** Opening Supplied material block **

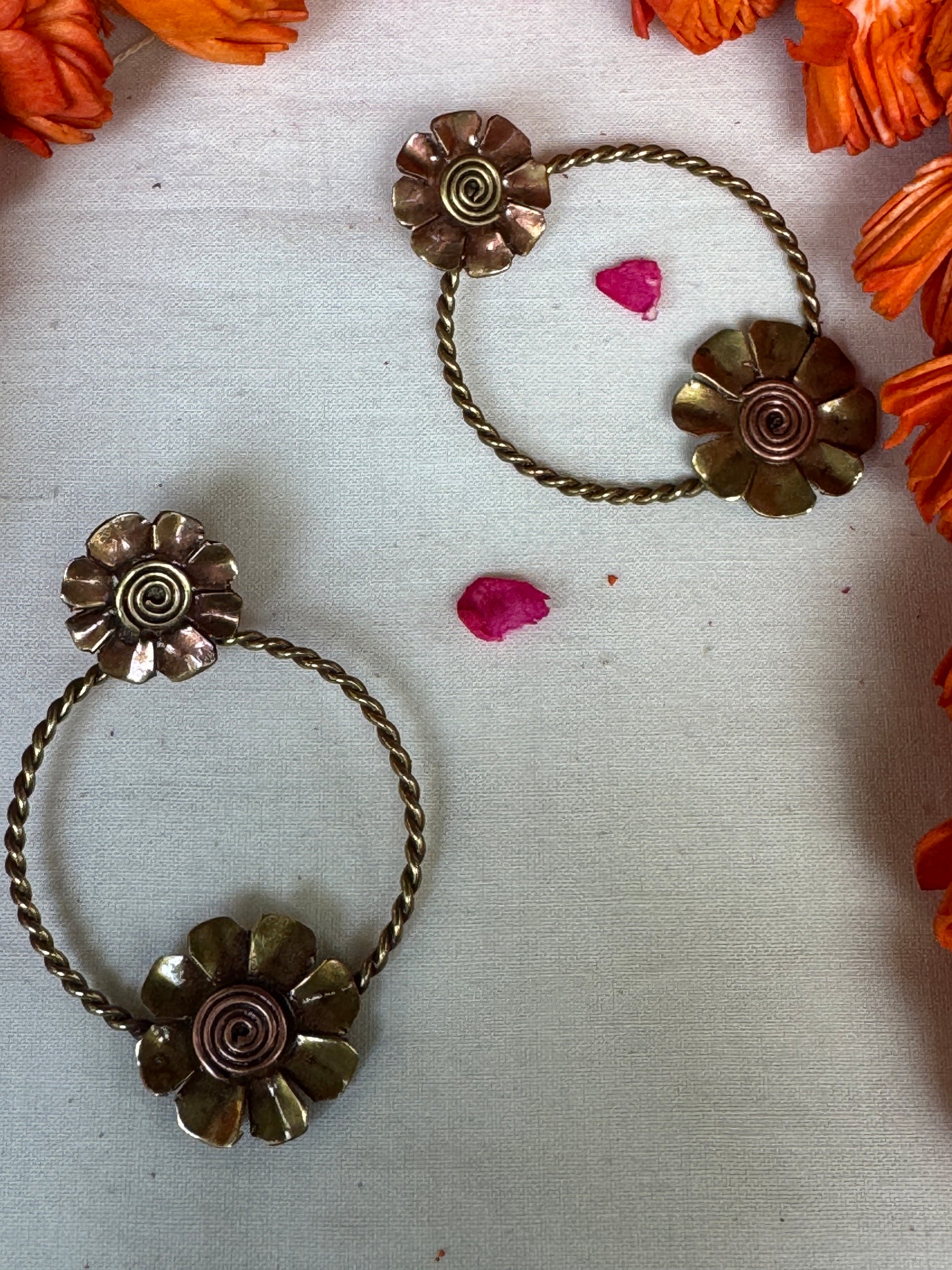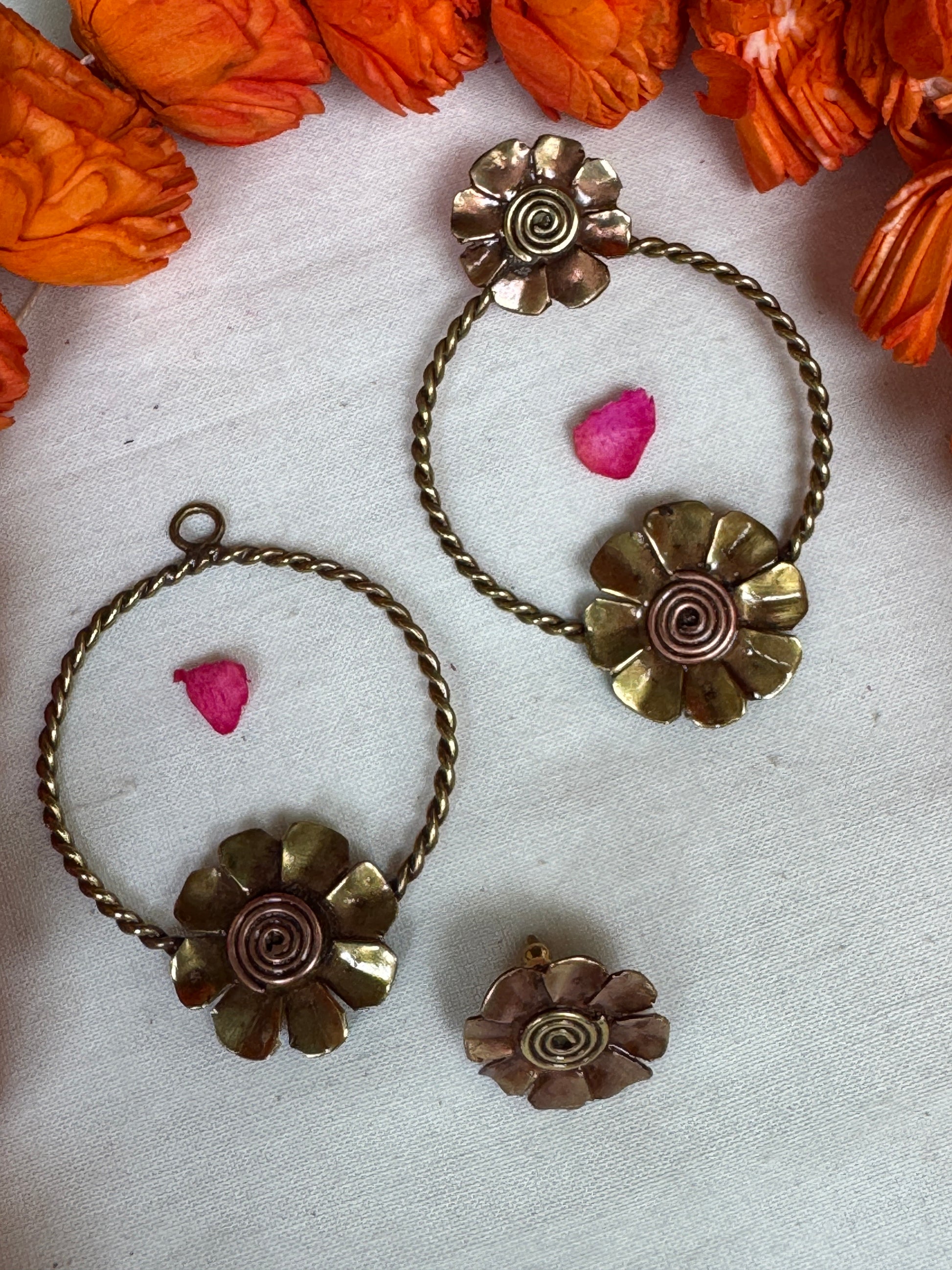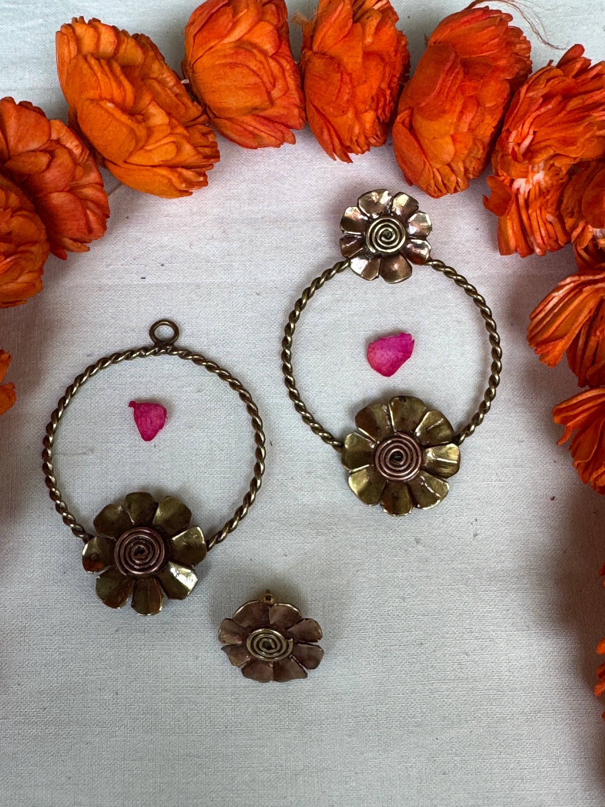 Flower stud with attachable circle flower drop - designer earrings made of copper and brass
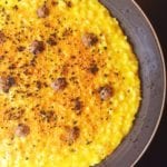 Quando il riso è pronto manteco con il burro e il parmigiano e spolvero con il pepe nero macinato al momento.
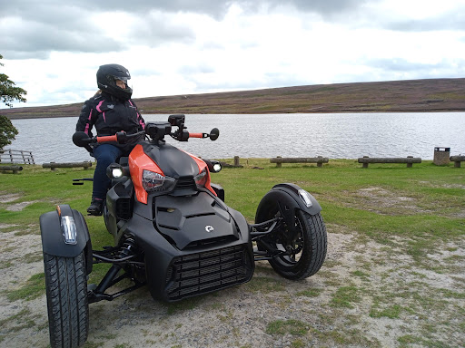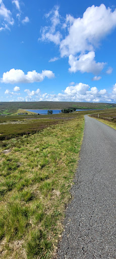 Read moreGoogle maps show's car parking beside reservoir but be WARNED small sign at top of road say's private road didn't notice this sign and when I finally had room to turn around the gate at the top was closed and locked by a post office delivery van driver who passed us and locked it. Luckily had enough room to squeeze around on bike...
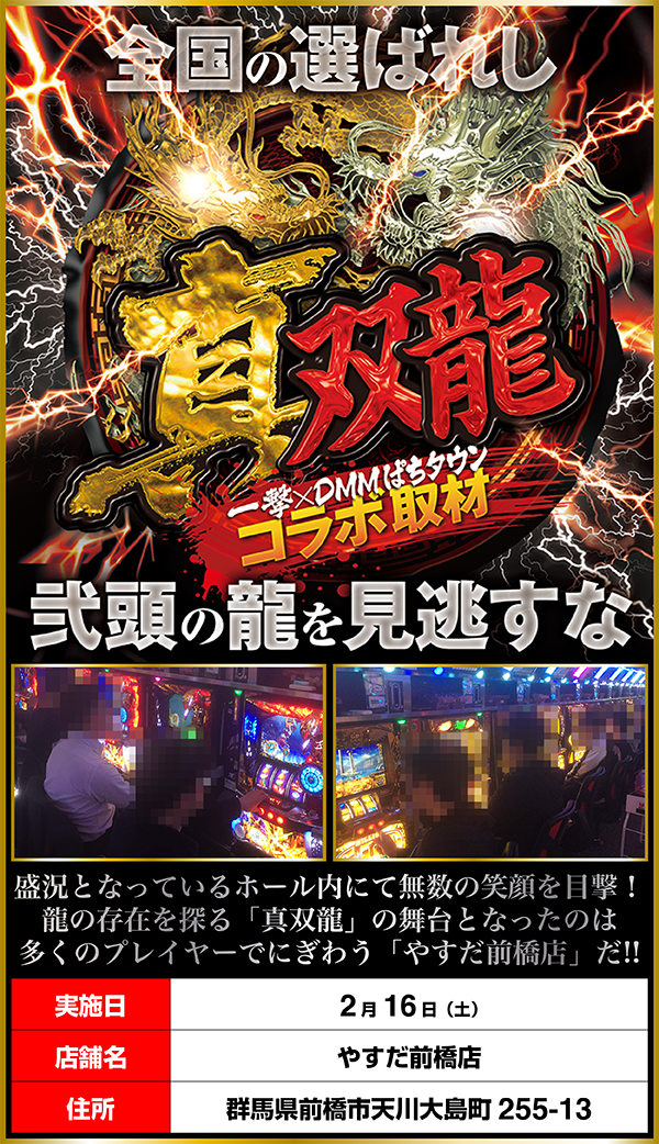 龍の存在を探るなかで、大きなにぎわいを体感した「やすだ前橋店」。イキイキとした表情で遊技を楽しむプレイヤーたちの姿など、たくさんの素敵なシーンを目撃している。

** Closing Supplied material block **

- [Task instructions] Return all of the material exactly, without pictures.

- [Exercise solution]
 Flower stud with attachable circle flower drop - designer earrings made of copper and brass
 Quando il riso è pronto manteco con il burro e il parmigiano e spolvero con il pepe nero macinato al momento.
 Read moreGoogle maps show's car parking beside reservoir but be WARNED small sign at top of road say's private road didn't notice this sign and when I finally had room to turn around the gate at the top was closed and locked by a post office delivery van driver who passed us and locked it. Luckily had enough room to squeeze around on bike...
 龍の存在を探るなかで、大きなにぎわいを体感した「やすだ前橋店」。イキイキとした表情で遊技を楽しむプレイヤーたちの姿など、たくさんの素敵なシーンを目撃している。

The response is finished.